• **MATERIAL FOR THE TASK**
####################
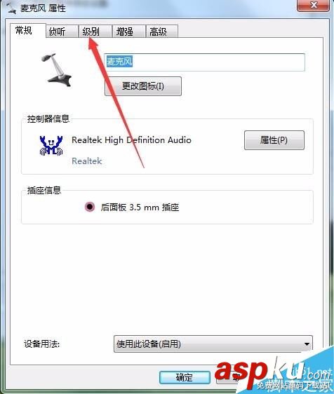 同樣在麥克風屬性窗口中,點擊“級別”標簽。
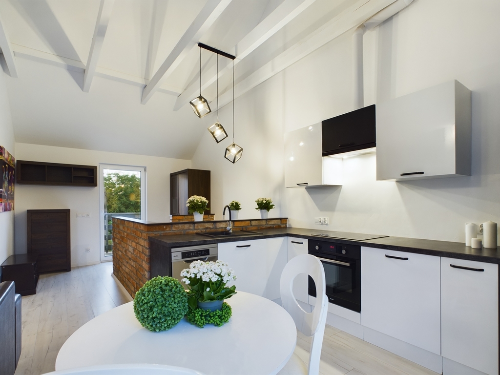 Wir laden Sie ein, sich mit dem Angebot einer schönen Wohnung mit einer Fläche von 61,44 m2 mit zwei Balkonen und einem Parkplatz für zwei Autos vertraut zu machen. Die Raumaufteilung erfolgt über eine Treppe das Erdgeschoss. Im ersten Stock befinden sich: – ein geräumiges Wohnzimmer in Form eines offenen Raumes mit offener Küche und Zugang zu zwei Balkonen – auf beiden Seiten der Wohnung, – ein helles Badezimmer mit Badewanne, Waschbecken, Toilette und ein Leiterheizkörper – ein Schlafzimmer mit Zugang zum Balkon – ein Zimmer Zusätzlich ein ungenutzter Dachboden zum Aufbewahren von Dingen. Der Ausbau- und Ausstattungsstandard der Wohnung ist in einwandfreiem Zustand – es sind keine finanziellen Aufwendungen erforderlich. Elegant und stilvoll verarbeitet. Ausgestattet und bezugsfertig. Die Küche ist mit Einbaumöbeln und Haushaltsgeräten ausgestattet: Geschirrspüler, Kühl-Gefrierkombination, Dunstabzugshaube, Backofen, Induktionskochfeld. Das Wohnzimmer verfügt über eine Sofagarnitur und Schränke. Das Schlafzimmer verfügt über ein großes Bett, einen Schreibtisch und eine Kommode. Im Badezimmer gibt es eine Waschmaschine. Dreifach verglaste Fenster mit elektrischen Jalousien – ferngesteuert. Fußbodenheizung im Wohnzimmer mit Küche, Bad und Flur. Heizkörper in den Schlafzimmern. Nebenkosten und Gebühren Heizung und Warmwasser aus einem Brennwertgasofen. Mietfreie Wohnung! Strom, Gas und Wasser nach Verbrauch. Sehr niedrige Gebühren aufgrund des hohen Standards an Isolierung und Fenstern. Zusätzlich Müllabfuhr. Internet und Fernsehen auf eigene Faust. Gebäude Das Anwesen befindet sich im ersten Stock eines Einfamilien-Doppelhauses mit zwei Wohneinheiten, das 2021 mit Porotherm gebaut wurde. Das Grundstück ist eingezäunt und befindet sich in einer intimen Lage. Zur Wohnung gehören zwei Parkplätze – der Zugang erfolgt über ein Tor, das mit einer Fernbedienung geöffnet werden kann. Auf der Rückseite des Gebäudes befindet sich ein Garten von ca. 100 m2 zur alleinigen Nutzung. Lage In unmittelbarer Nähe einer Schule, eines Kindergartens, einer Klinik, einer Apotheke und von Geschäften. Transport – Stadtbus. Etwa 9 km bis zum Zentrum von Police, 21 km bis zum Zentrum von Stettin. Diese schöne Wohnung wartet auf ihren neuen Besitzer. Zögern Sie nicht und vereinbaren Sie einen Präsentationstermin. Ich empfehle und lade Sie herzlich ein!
####################
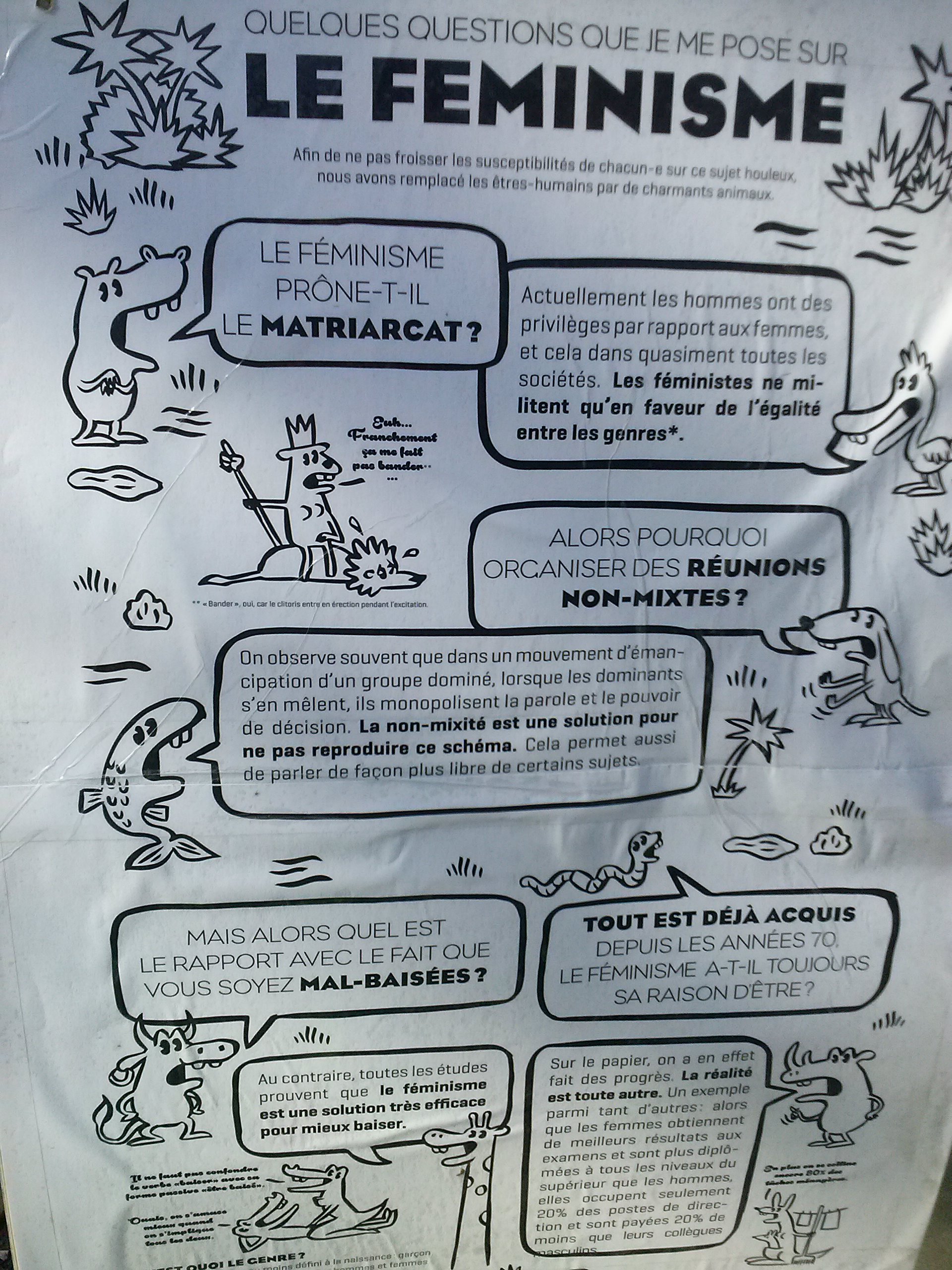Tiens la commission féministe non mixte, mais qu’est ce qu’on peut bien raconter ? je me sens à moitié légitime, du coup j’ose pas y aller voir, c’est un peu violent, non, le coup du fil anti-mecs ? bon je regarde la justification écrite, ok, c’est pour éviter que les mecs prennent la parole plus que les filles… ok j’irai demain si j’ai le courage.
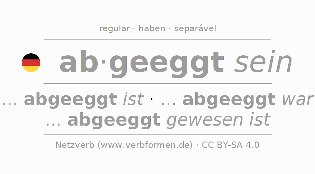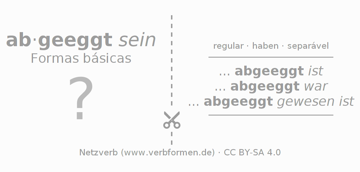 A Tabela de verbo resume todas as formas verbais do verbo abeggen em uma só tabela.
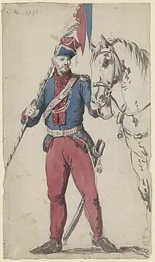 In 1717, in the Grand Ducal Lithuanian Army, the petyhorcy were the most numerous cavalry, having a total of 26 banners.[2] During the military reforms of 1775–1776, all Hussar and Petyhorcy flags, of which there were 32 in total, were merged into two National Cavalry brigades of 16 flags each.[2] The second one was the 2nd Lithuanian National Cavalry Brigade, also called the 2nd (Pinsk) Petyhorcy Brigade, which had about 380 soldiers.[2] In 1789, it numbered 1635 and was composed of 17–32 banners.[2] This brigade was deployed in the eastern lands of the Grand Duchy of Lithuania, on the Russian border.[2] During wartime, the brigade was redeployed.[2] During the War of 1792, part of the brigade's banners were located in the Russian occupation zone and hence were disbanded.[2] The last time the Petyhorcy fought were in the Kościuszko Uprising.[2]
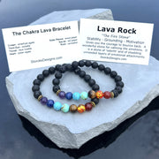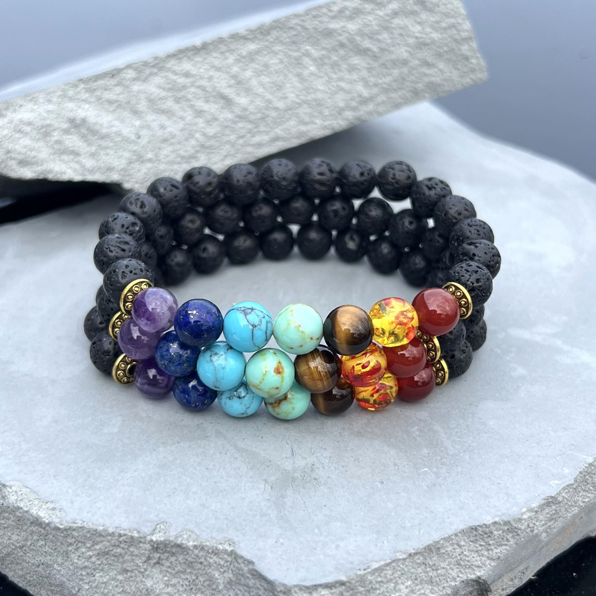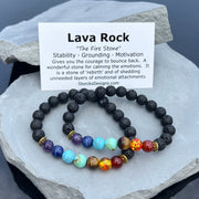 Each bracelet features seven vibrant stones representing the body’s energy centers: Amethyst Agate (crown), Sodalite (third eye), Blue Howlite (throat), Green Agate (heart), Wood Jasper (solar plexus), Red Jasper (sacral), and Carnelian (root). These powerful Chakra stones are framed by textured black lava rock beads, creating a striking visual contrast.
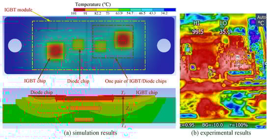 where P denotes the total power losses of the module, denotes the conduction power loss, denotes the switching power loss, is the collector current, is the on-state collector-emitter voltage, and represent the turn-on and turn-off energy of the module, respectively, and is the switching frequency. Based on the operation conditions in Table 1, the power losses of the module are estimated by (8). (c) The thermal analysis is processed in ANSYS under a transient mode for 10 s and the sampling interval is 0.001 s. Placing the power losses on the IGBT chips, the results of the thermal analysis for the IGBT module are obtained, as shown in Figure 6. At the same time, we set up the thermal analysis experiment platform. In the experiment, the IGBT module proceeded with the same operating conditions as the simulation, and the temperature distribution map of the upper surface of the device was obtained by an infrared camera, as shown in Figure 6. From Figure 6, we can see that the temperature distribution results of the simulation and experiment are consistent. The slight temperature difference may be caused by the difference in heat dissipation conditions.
####################
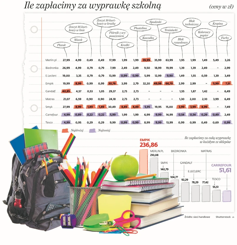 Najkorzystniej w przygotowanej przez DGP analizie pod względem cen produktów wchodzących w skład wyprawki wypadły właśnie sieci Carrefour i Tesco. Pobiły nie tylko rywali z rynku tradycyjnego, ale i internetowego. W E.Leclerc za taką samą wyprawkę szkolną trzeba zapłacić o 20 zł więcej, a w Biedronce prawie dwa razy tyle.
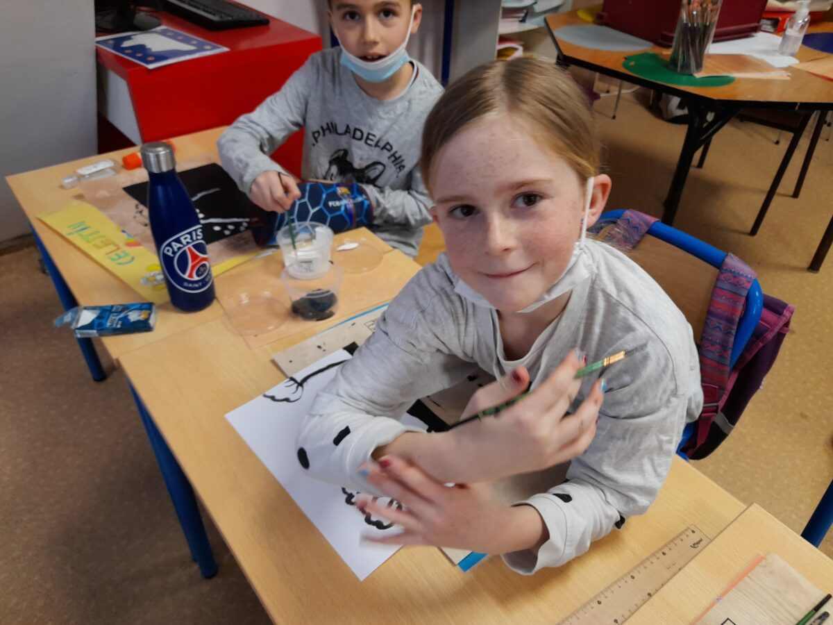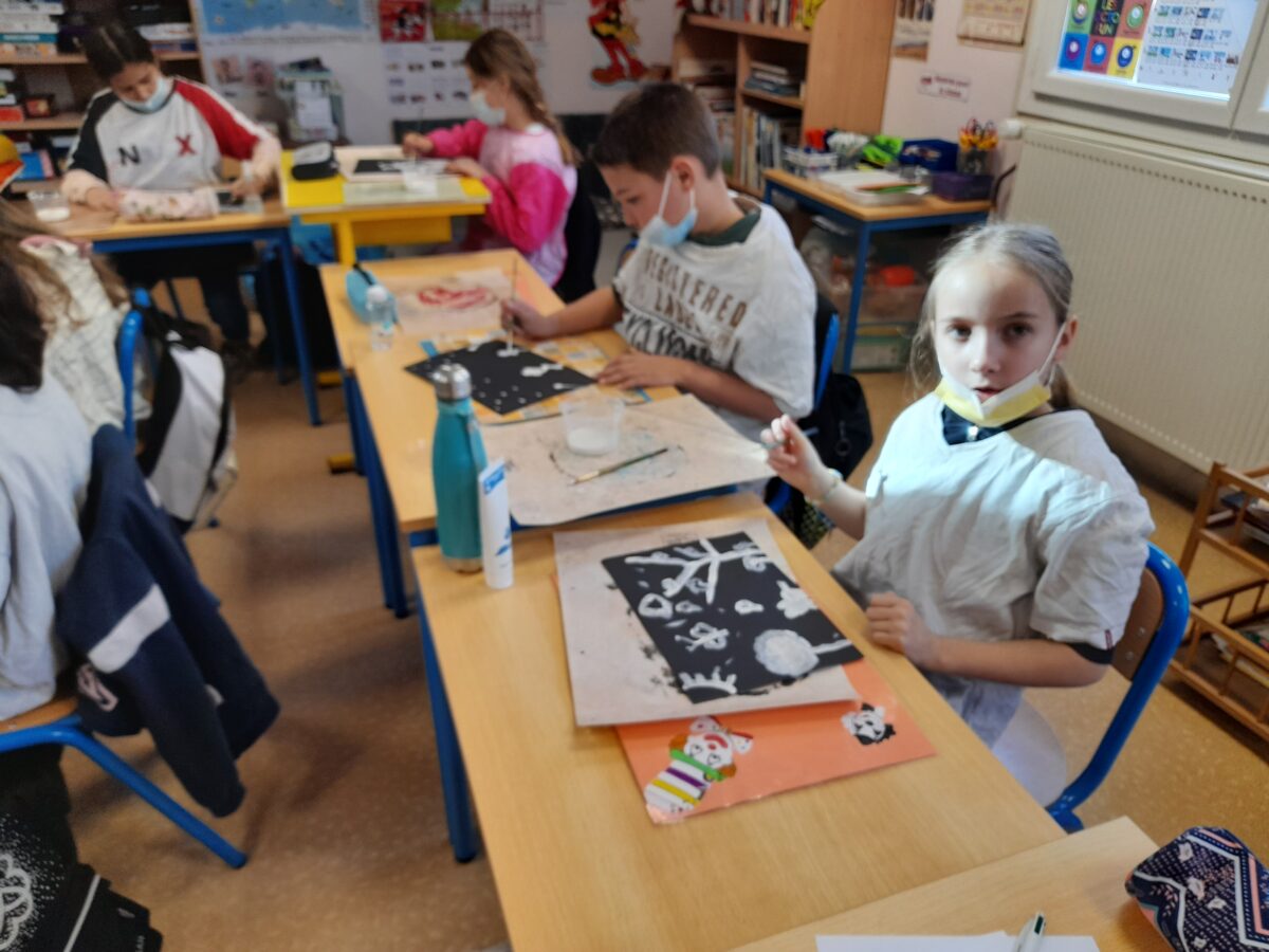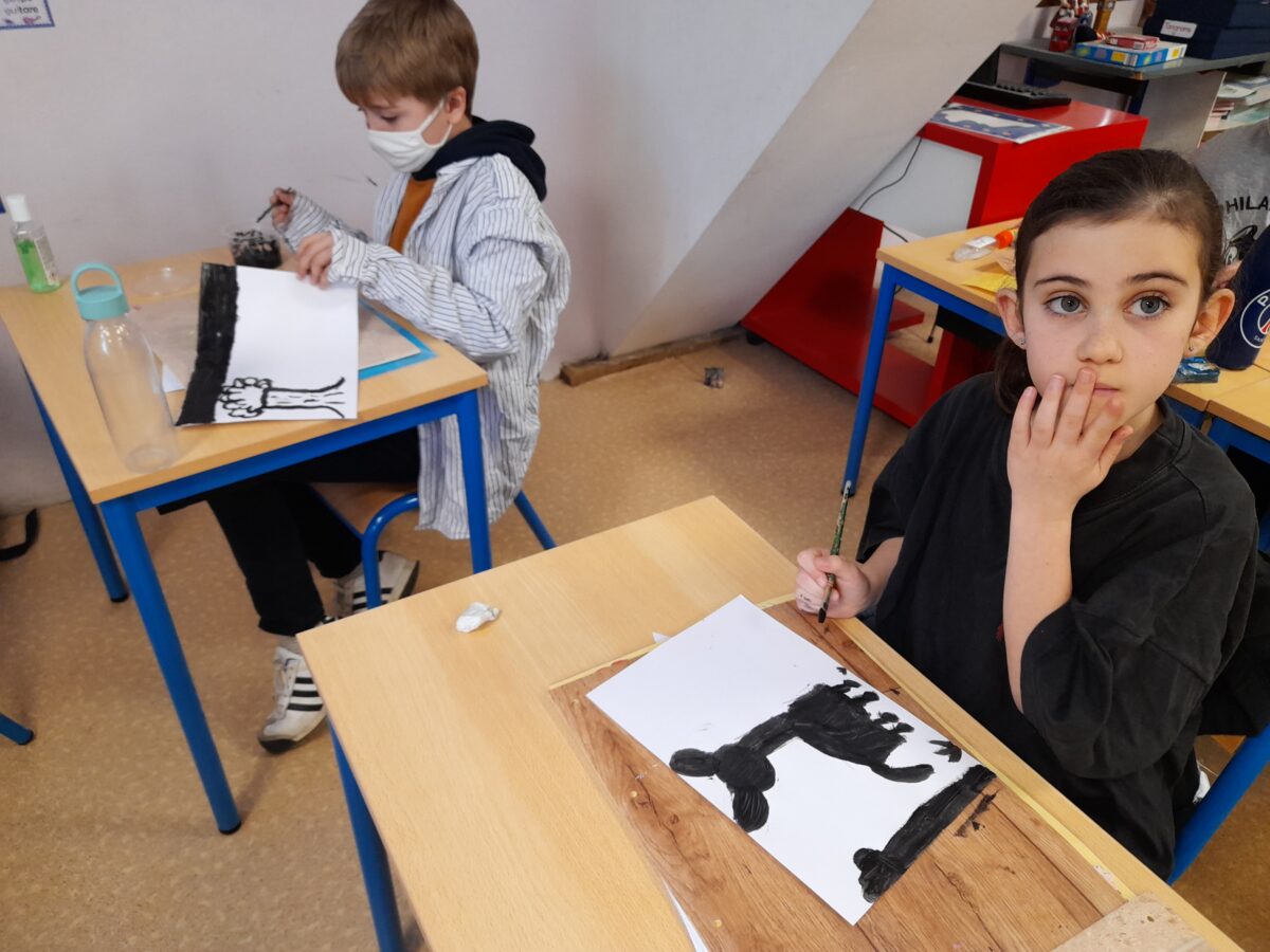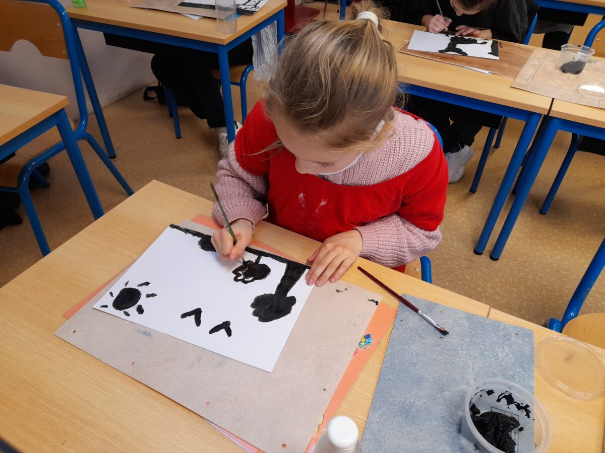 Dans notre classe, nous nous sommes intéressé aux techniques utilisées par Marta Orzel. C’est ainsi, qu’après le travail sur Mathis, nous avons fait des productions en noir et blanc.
####################
• **ASSIGNED TASK**
Line for line, output the entries above from the line with "Najkorzystniej w przygotowanej" to the line with "Dans notre classe, nous", both included, and nothing more. Skip pictures.

• **REPLY**
 Najkorzystniej w przygotowanej przez DGP analizie pod względem cen produktów wchodzących w skład wyprawki wypadły właśnie sieci Carrefour i Tesco. Pobiły nie tylko rywali z rynku tradycyjnego, ale i internetowego. W E.Leclerc za taką samą wyprawkę szkolną trzeba zapłacić o 20 zł więcej, a w Biedronce prawie dwa razy tyle.
 Dans notre classe, nous nous sommes intéressé aux techniques utilisées par Marta Orzel. C’est ainsi, qu’après le travail sur Mathis, nous avons fait des productions en noir et blanc.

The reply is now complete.